Oh, this part is really happening; this is just the physics of levers. Torque is force multiplied by radius. The torque at the crank is the same regardless of gearing and is set by the force you apply to the pedals multiplied by your crankarm length. As you reduce the radius of the chainring, with the torque remaining constant, the force on the chain has to go up to counteract the decreasing radius of the chainring. A chain wrapped around a smaller chainring has more tension for the same torque as one wrapped around a larger chainring.

slindell

Look at the other end of the chain.
To drive the wheel with the same force a the tire the force on the chain is proportional to the ratio between the radius of the tire and the radius of the cog the chain is acting on.
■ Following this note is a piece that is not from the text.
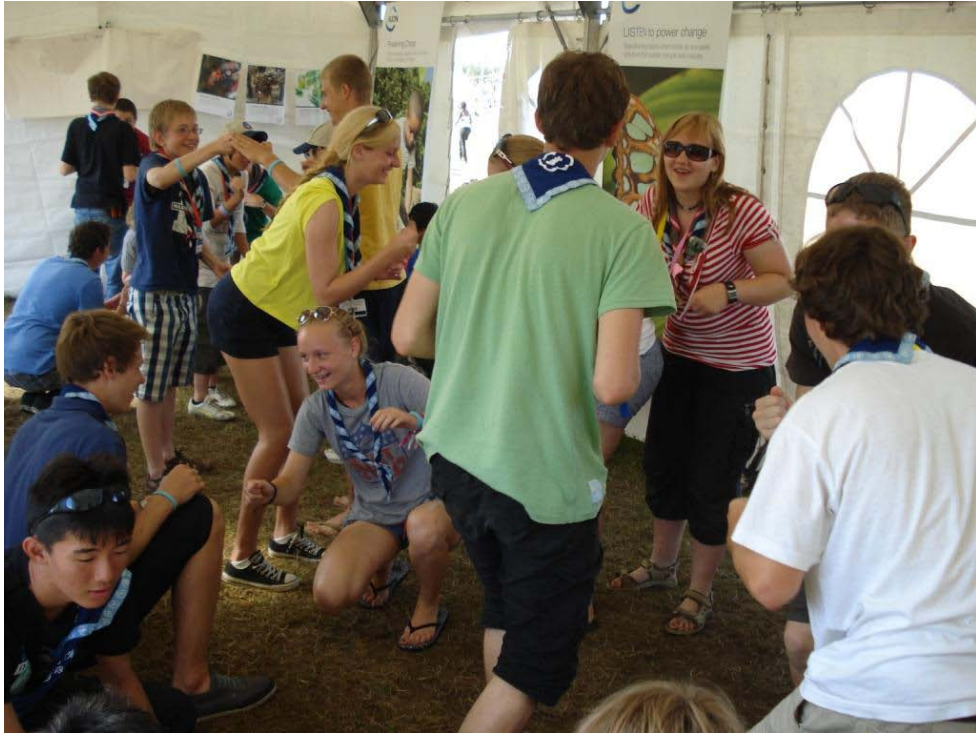
Scouts play the 'Evolution' game as an energizer in the environmental rights of the child workshop

Going from a 14 to a 13 cog reduces the cog radius 7% which will require an increase in the chain tension of 7% to net the same force on the tire (smaller lever arm).

Brian Ratliff

You are right, there is no reason one gear will feel easier than another if they are the same gear combination. Steady speed in either a big-big or small-small of the same gear ratio will take the exact same power and cadence.

Any change in feel would come only when the gear is either accelerated or decelerated. The difference being, if you are accelerating (or decelerating) the drivetrain, you are doing work against the inertia of the wheels, cranks, and chain. A small-small combo will have less inertia than the big-big which means you are doing slightly more work to accelerate the big-big combo at the same rate. Once the bike is at speed, conversely, the big-big combo, having more inertia, will slow less quickly once power ceases being applied.